Captain Turnbull retired from the army in 1775 by selling his commission, but some of the others who had served at Michilimackinac remained with the Royal Americans and fought in the Revolutionary War. Turnbull’s predecessor as commandant, Beamsley Glazier, distinguished himself in the fighting around Savannah, Georgia, in 1779, by leading three companies of the Royal Americans in a fierce charge which drove the American and French forces into headlong retreat and caused the Allies to lift their siege of the British troops in the city. Ensign Johnson’s erstwhile comrade-in-arms, John Christie, fought gallantly in 1780 at Mobile in a futile effort to beat off a Spanish attack on that port. Christie thereby redeemed his reputation which had been badly tarnished by his premature surrender to the Indians when he was in command of a fort at present-day Erie, Pennsylvania, in 1763.

Many changes took place at Michilimackinac after 1772, so many, in fact, that John Askin, an old-time resident, in 1778 wrote to Thomas McMurray, apparently the former acting sergeant-major who had retired to a business in Montreal, that he would scarcely recognize the post any more. In place of the drafty old houses, such as the ones Morison had lived in, the people, Askin reported, were “now building tolerable good ones.”

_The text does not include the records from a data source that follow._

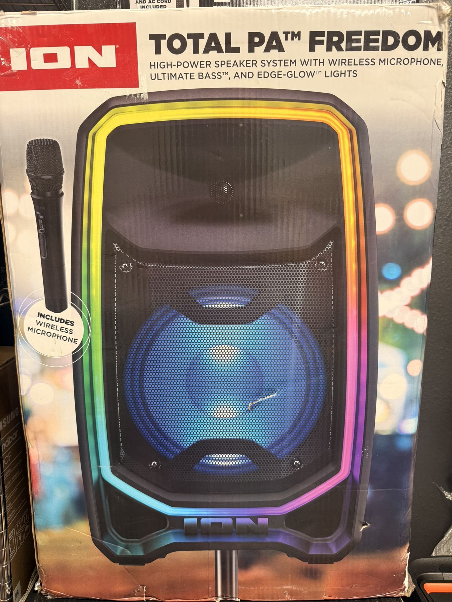 Fun Bluetooth party speaker with colorful LED lights and microphone 🎤 perfect for karaoke, parties, and gatherings. Loud sound, easy to connect, and portable. Works great. Ready to use.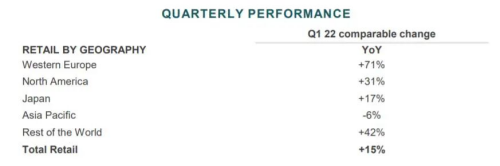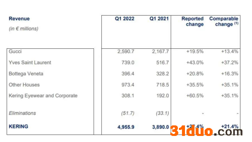 4月21日,开云集团发布2022年第一季度业绩报告,披露收入同比增长27.4%至49.6 亿欧元。直营门店收入同比增长23%;在线销售在本季度继续增长,占直接销售总额的15%。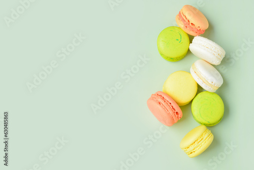 Obraz premium Sweet macaroons on green background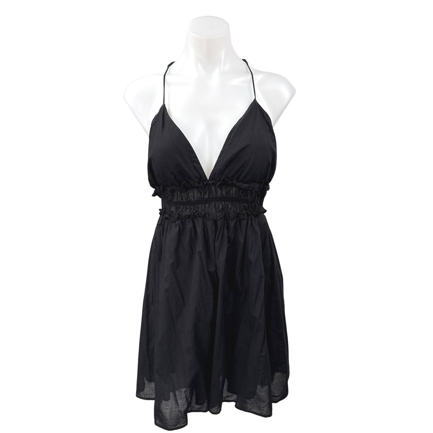 Zara Women's Black Sleeveless Smocked Ruffle Mini Cami Camisole Tank Dress Size XS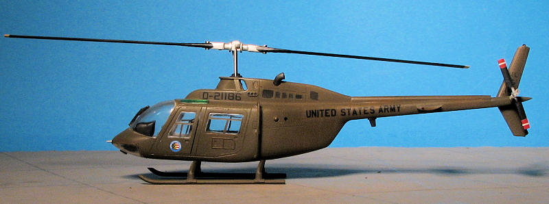 The finished kit looks like an OH-58. There are a number of differences that the real helo fanatic will instantly spot, but for me, it is good enough. I would not recommend this kit to the beginner due to the horrible fit of the nose transparencies, but the more experienced modeler should be able to rectify those problems.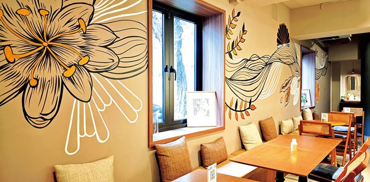 パティシエ、イザベラさんは元デザイナー。15年前にドキュメンタリーフィルムを鑑賞したことがきっかけでヴィーガンの道へと進む。当時はヴィーガンスイーツが少なかったことから、自ら開発することに。3年前には台湾最大の飲食コンテストで優勝し、その賞金を用いてオフィスを心地よいカフェ空間へリニューアル。写真は山林がテーマの複合施設『勤美0km山物所』とのコラボシリーズ。台湾最高峰の玉山をモチーフにしたケーキは白い部分に豆乳とカシューナッツ、緑の部分にサツマイモの葉を使用。ヨーグルトのような爽やかな風味で、中にはゴマ餡が入っている。そのほか、松ぼっくりをイメージしたチョコケーキや苔をイメージした抹茶ケーキなど、豊かな発想力に驚かされる。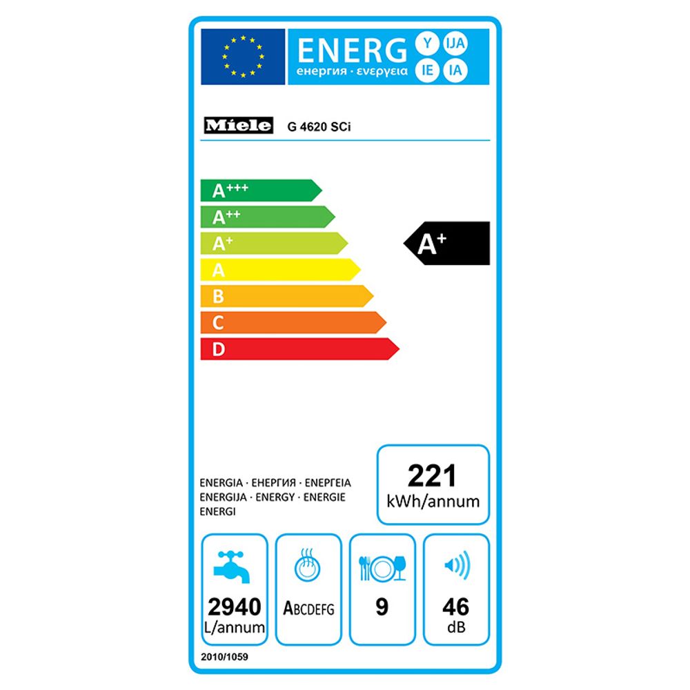 Πλυντήριο πιάτων Miele G4620SCI BW χωρητικότητας 9 σερβίτσιων, ενεργειακής κλάσης Α+, με κατανάλωση νερού στο αυτόματο πρόγραμμα από 6.5 λίτρα για μέγιστη οικονομία.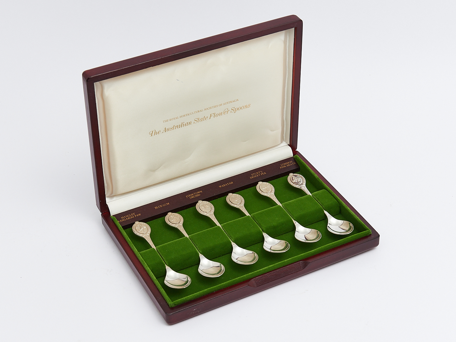 A SET OF SIX STERLING SILVER AUSTRALIAN STATE FLOWER SPOONS, LEONARD JOEL LOCAL DELIVERY: SMALL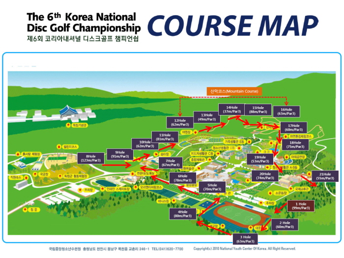 The course for nationals will be a temporary course set up on the grounds of the Korean National Youth Center, right in the heart of Seoul. As is appropriate for most Korean courses (save, of course, The Dragon’s Lair with our awesome 600-foot hole), the course is set up to be short and very technical.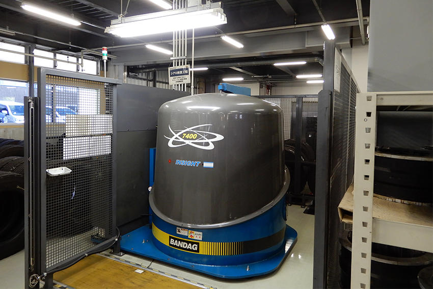 1度使用されたタイヤは、目視点検が終わったあと、2種類の機械を使った点検を行います。 路面と接地するトレッド部に目視ではわからない傷がないか判別する「NDT検査(外部損傷検査)」と、タイヤ内部に損傷がないか判別する「シアロ検査(内部損傷検査)」です。 二つの検査をクリアしたタイヤだけがリトレッドタイヤに生まれ変わることができます。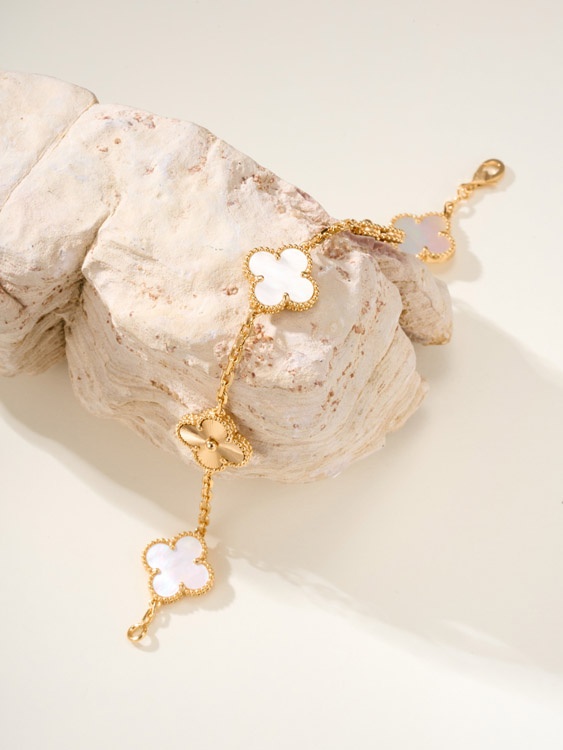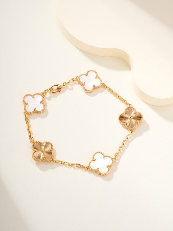 Van Cleef & Arpels White Mother-of-Pearl Gold Five-Flower Four-Leaf Clover Bracelet-3758

The fort also had a new surgeon’s mate—another Scotsman, David Mitchell. Unlike his compatriot Morison, Mitchell adjusted very well to the rough conditions of life on the fur-trading frontier. He married a Chippewa woman, and when his regiment was transferred elsewhere he received special permission to stay on as surgeon’s mate so that his wife would not be separated from her people. He remained in the area in various capacities until his death in 1830. By then old Fort Michilimackinac had been abandoned for a half century and only a few ruins sticking out of the sand reminded the occasional visitor of the colorful days of the 1760’s and 1770’s.